Provided information:

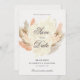 This soft, earth-toned save-the-date is a balanced mix of rustic charm and delicate elegance, featuring lovely watercolor dried flowers and pampas grass in shades of warm beige and dusty rose.
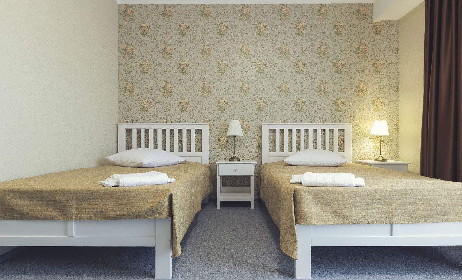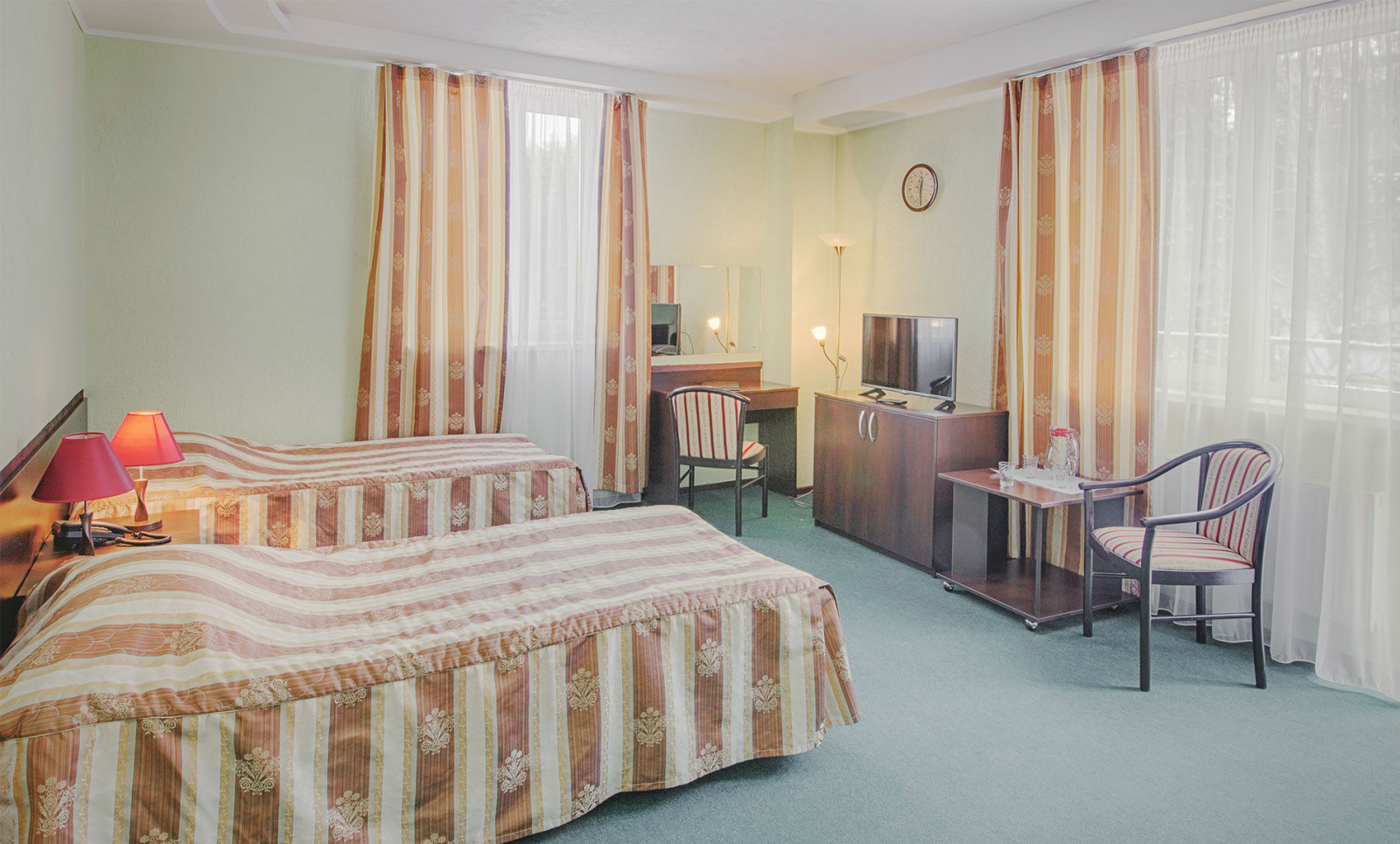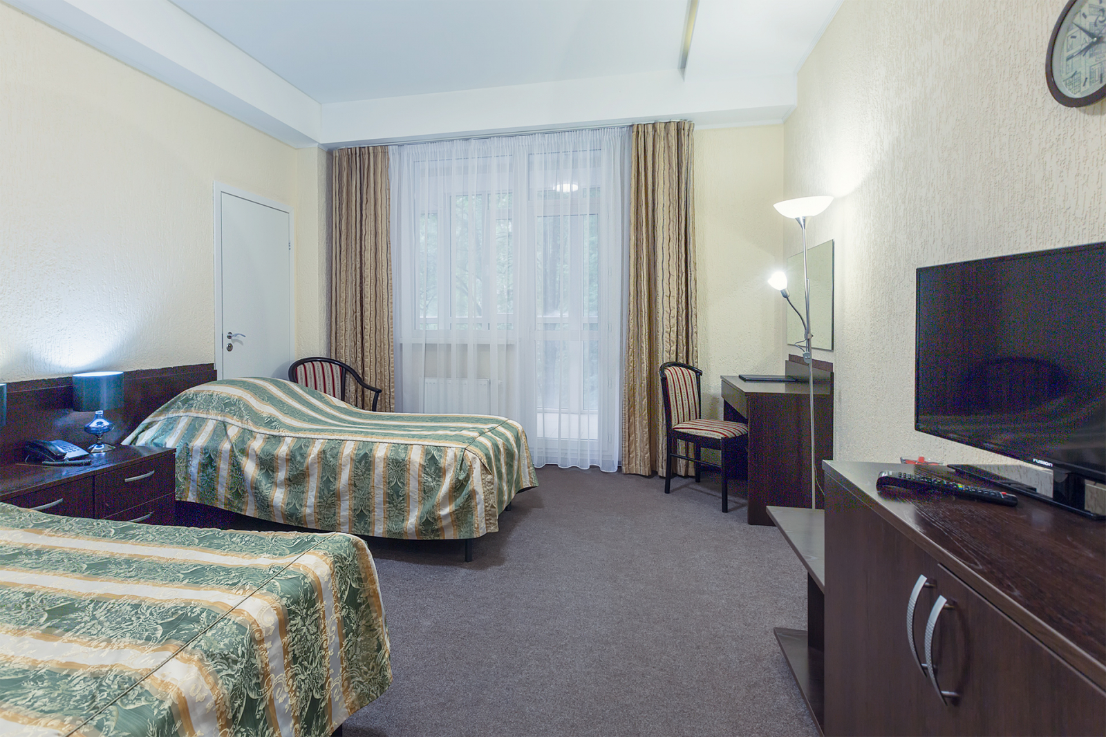 Площадь номера - 21 кв.м. 2 осн. места. 1 доп. место. Мебель: вешалка, зеркало, кровати односпальные /одна двуспальная кровать, прикроватные тумбочки, столик туалетный, стулья, шкаф-купе. Оборудование: сейф, телевизор, телефон, чайный набор посуды, электрочайник. Санузел: с душем, тапочки, туалетные принадлежности, фен, халат. Сервис: Wi-Fi бесплатно, смена полотенец, смена постельного белья, уборка номера.
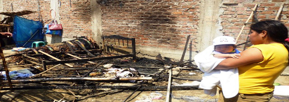 Un siniestro arrasó con gran parte de una precaria vivienda en la segunda etapa del asentamiento humano Las Delicias,en Nuevo Chimbote. Una bebé de apenas cuatro meses de nacida resultó ilesa al ser rescatada por su madre, una menor de 15 años de edad que arriesgo su vida para sacar a su hija de las llamas. La familia perdió los ahorros de Navidad a escasos días de la fiesta.(Por Cintia Cabrera)
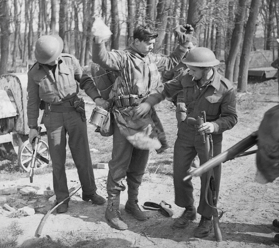 4th Canadian Armoured Division’s drive towards Oldenburg, Germany. After the fall of Sogel, a captured German paratrooper is searched by Canadian troopers, 10 April 1945.
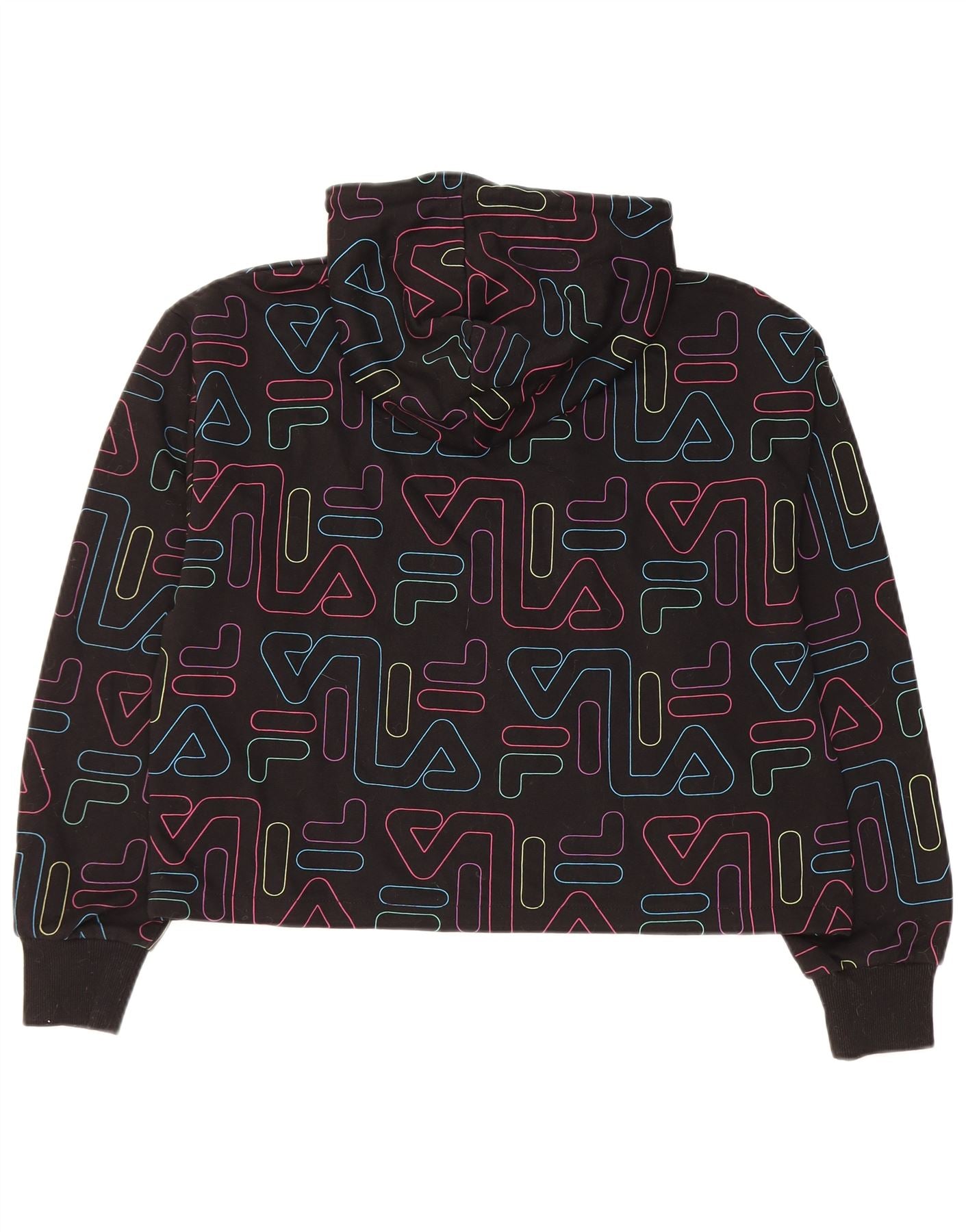 FILA Γυναικείο Crop Graphic Hoodie Jumper UK 14 Medium Black Cotton
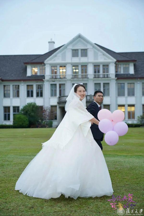 霞霞和丈夫曹先生参加复旦大学校友集体婚礼
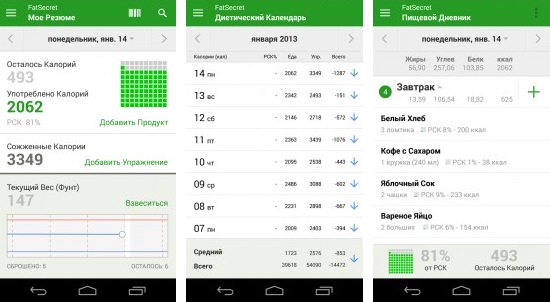 FatSecret создает графические отчеты о продуктах, потребляемых калориях и физических нагрузках.
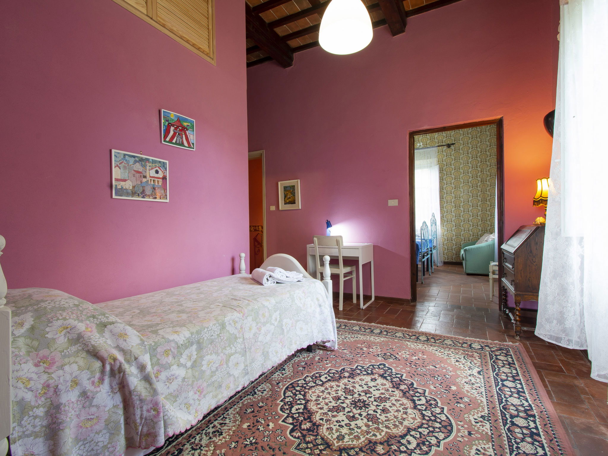 Cosy, comfortable country house "La Pergola", detached, built in 1888, renovated in 2021, surrounded by trees and fields. In the district of San Macario in Monte, outside the resort, 6 km from the centre of Lucca. Private: natural garden 1'000 m2, beautiful garden to relax, pond, swimming pool (above ground) with privacy (7 x 4 m, depth 120 - 120 cm, seasonal availability: 01.May. - 30.Sep.). Garden furniture, barbecue, children's playground (slide, swing). In the house: WiFi, central heating system, washing machine, heating available only from 15.Nov. - 15.Apr.. Motor access (300 m via unmade road). Parking (for 3 cars). Grocery 1 km, supermarket 3 km, restaurant 1 km, bus stop 450 m. Nearby attractions: Lucca 6 km, Pisa 25 km, Viareggio 20 km, Firenze 85 km. Please note: part of the house is closed and unoccupied. Owner lives in separate semi-detached house. The owner has a dog.
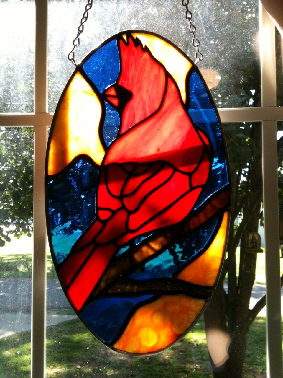 This large suncatcher features a male cardinal made with red Kokomo glass. Orange Uroboros ring mottle provides the fall color to the piece. Finished size 7.75”x 13”
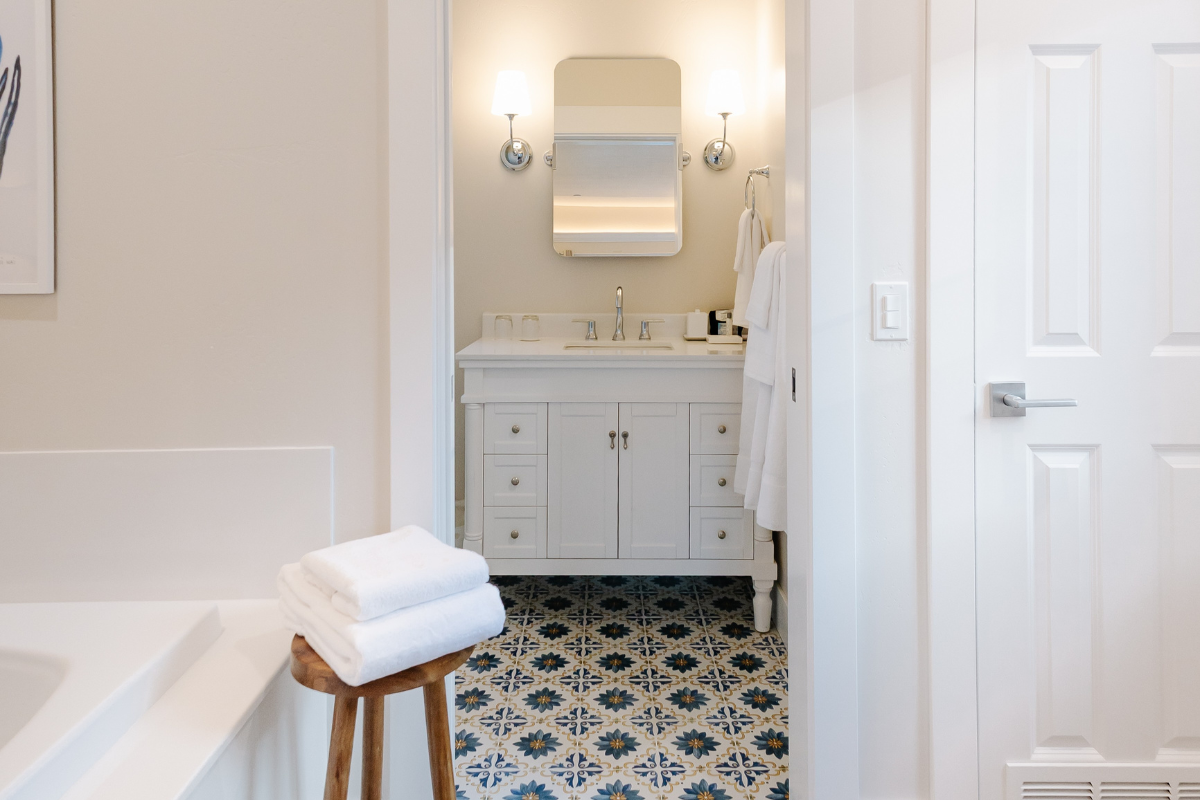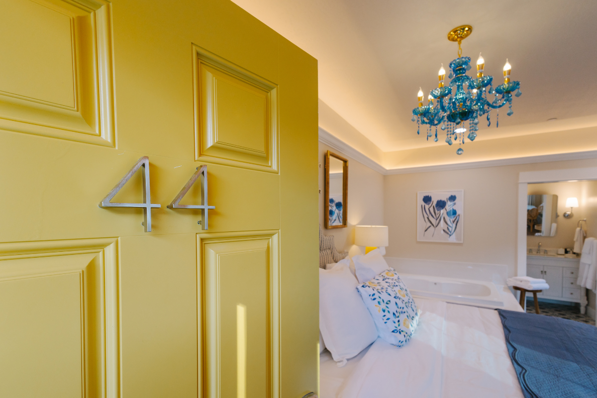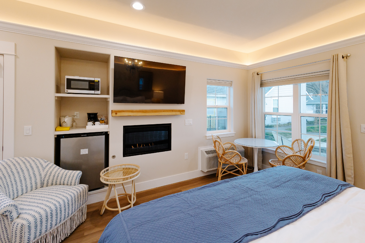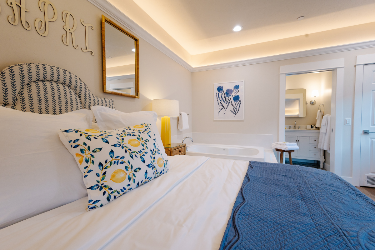 Inspired by the sun-washed beauty of the Amalfi Coast and the tranquil nature of Lithia’s mineral springs, the Capri Bungalows offer a serene, European-influenced escape designed for rest and renewal. These charming king studio bungalows feature a fresh, coastal palette and thoughtful details that evoke calm—from the soft glow of a blue crystal chandelier inspired by our natural mineral waters to the warmth of a cozy fireplace.
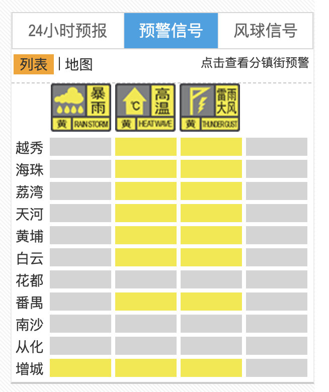 截至8月2日11时43分,广州多区同时发布暴雨和雷雨大风及高温预警信号。除花都、南沙、从化外,广州其余各区均同时发布高温黄色预警信号和雷雨大风黄色预警信号,其中增城区同时发布暴雨黄色预警信号。目前广州正处于周末及暑期旅游旺季,有出行需求的市民和游客,请留意天气变化,防御雷雨天气。
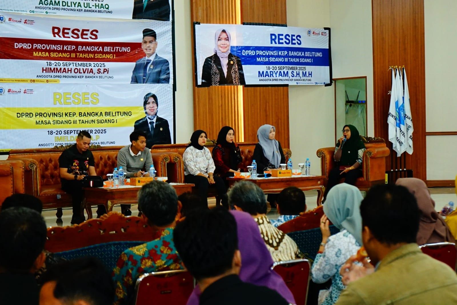 SUNGAILIAT - Anggota DPRD Provinsi Bangka Belitung Dapil Kabupaten Bangka mengelar reses bersama Para Kepala Organisasi Perangkat Daerah (OPD) serta Camat Se Kabupaten Bangka di Grha Maras Kantor Bupati Bangka Kamis (18/9/2025).  Para Anggota DPRD Bangka Belitung Dapil Kabupaten Bangka tersebut, yakni Agam Dliya Ul Haq, Himmah Olvia,  Nurita Sari, Imelda dan Maryam.
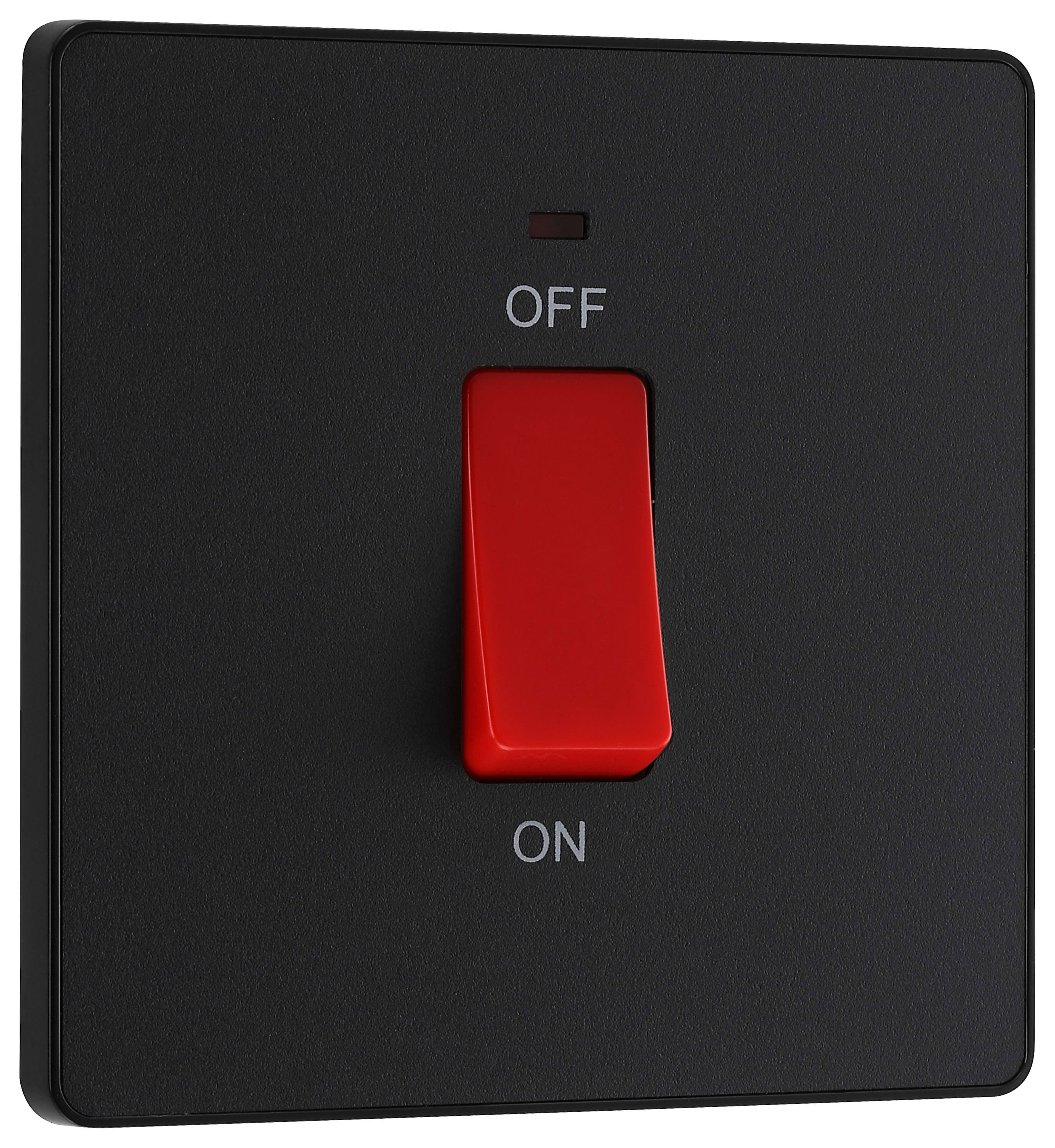 BG Evolve 45A Square Double Pole Switch with Led Power Indicator - Matt Black
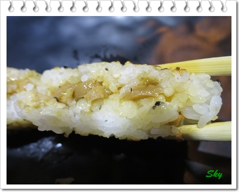 飯團外層略為燒過, 入口時感覺似食飯焦, 微微脆脆地.
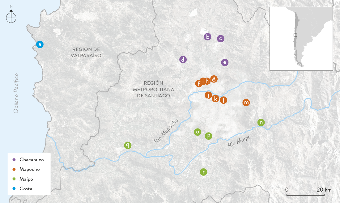Figura 1. Mapa del área de estudio de los sitios funerarios con aysanas en sus contextos: a) Quintay; b) Carmen Alto 9; c) Peldehue; d) Pablo Carvajal; e) Casas de Hacienda; f) Las Tinajas de Quilicura; g) Talleres y Cocheras; h) Parcela 24; i) Quilicura 1; j) Puente Carrascal 1; k) Estación Quinta Normal; l) Marcoleta; m) La Reina; n) Cementerio El Canelo; o) Sector Chena; p) Nos; q) Los Jazmines; r) Fundo del Señor Pacheco. Figure 1. Map of the study area indicating funerary sites where aysanas were recorded: a) Quintay; b) Carmen Alto 9; c) Peldehue; d) Pablo Carvajal; e) Casas de Hacienda; f) Las Tinajas de Quilicura; g) Talleres y Cocheras; h) Parcela 24; i) Quilicura 1; j) Puente Carrascal 1; k) Estación Quinta Normal; l) Marcoleta; m) La Reina; n) Cementerio El Canelo; o) Sector Chena; p) Nos; q) Los Jazmines; r) Fundo del Señor Pacheco.

Task prompt: The pictures are not part of the copy. Retype everything else in the entries exactly.

Final answer:
 This soft, earth-toned save-the-date is a balanced mix of rustic charm and delicate elegance, featuring lovely watercolor dried flowers and pampas grass in shades of warm beige and dusty rose.
 Площадь номера - 21 кв.м. 2 осн. места. 1 доп. место. Мебель: вешалка, зеркало, кровати односпальные /одна двуспальная кровать, прикроватные тумбочки, столик туалетный, стулья, шкаф-купе. Оборудование: сейф, телевизор, телефон, чайный набор посуды, электрочайник. Санузел: с душем, тапочки, туалетные принадлежности, фен, халат. Сервис: Wi-Fi бесплатно, смена полотенец, смена постельного белья, уборка номера.
 Un siniestro arrasó con gran parte de una precaria vivienda en la segunda etapa del asentamiento humano Las Delicias,en Nuevo Chimbote. Una bebé de apenas cuatro meses de nacida resultó ilesa al ser rescatada por su madre, una menor de 15 años de edad que arriesgo su vida para sacar a su hija de las llamas. La familia perdió los ahorros de Navidad a escasos días de la fiesta.(Por Cintia Cabrera)
 4th Canadian Armoured Division’s drive towards Oldenburg, Germany. After the fall of Sogel, a captured German paratrooper is searched by Canadian troopers, 10 April 1945.
 FILA Γυναικείο Crop Graphic Hoodie Jumper UK 14 Medium Black Cotton
 霞霞和丈夫曹先生参加复旦大学校友集体婚礼
 FatSecret создает графические отчеты о продуктах, потребляемых калориях и физических нагрузках.
 Cosy, comfortable country house "La Pergola", detached, built in 1888, renovated in 2021, surrounded by trees and fields. In the district of San Macario in Monte, outside the resort, 6 km from the centre of Lucca. Private: natural garden 1'000 m2, beautiful garden to relax, pond, swimming pool (above ground) with privacy (7 x 4 m, depth 120 - 120 cm, seasonal availability: 01.May. - 30.Sep.). Garden furniture, barbecue, children's playground (slide, swing). In the house: WiFi, central heating system, washing machine, heating available only from 15.Nov. - 15.Apr.. Motor access (300 m via unmade road). Parking (for 3 cars). Grocery 1 km, supermarket 3 km, restaurant 1 km, bus stop 450 m. Nearby attractions: Lucca 6 km, Pisa 25 km, Viareggio 20 km, Firenze 85 km. Please note: part of the house is closed and unoccupied. Owner lives in separate semi-detached house. The owner has a dog.
 This large suncatcher features a male cardinal made with red Kokomo glass. Orange Uroboros ring mottle provides the fall color to the piece. Finished size 7.75”x 13”
 Inspired by the sun-washed beauty of the Amalfi Coast and the tranquil nature of Lithia’s mineral springs, the Capri Bungalows offer a serene, European-influenced escape designed for rest and renewal. These charming king studio bungalows feature a fresh, coastal palette and thoughtful details that evoke calm—from the soft glow of a blue crystal chandelier inspired by our natural mineral waters to the warmth of a cozy fireplace.
 截至8月2日11时43分,广州多区同时发布暴雨和雷雨大风及高温预警信号。除花都、南沙、从化外,广州其余各区均同时发布高温黄色预警信号和雷雨大风黄色预警信号,其中增城区同时发布暴雨黄色预警信号。目前广州正处于周末及暑期旅游旺季,有出行需求的市民和游客,请留意天气变化,防御雷雨天气。
 SUNGAILIAT - Anggota DPRD Provinsi Bangka Belitung Dapil Kabupaten Bangka mengelar reses bersama Para Kepala Organisasi Perangkat Daerah (OPD) serta Camat Se Kabupaten Bangka di Grha Maras Kantor Bupati Bangka Kamis (18/9/2025).  Para Anggota DPRD Bangka Belitung Dapil Kabupaten Bangka tersebut, yakni Agam Dliya Ul Haq, Himmah Olvia,  Nurita Sari, Imelda dan Maryam.
 BG Evolve 45A Square Double Pole Switch with Led Power Indicator - Matt Black
 飯團外層略為燒過, 入口時感覺似食飯焦, 微微脆脆地.
Figura 1. Mapa del área de estudio de los sitios funerarios con aysanas en sus contextos: a) Quintay; b) Carmen Alto 9; c) Peldehue; d) Pablo Carvajal; e) Casas de Hacienda; f) Las Tinajas de Quilicura; g) Talleres y Cocheras; h) Parcela 24; i) Quilicura 1; j) Puente Carrascal 1; k) Estación Quinta Normal; l) Marcoleta; m) La Reina; n) Cementerio El Canelo; o) Sector Chena; p) Nos; q) Los Jazmines; r) Fundo del Señor Pacheco. Figure 1. Map of the study area indicating funerary sites where aysanas were recorded: a) Quintay; b) Carmen Alto 9; c) Peldehue; d) Pablo Carvajal; e) Casas de Hacienda; f) Las Tinajas de Quilicura; g) Talleres y Cocheras; h) Parcela 24; i) Quilicura 1; j) Puente Carrascal 1; k) Estación Quinta Normal; l) Marcoleta; m) La Reina; n) Cementerio El Canelo; o) Sector Chena; p) Nos; q) Los Jazmines; r) Fundo del Señor Pacheco.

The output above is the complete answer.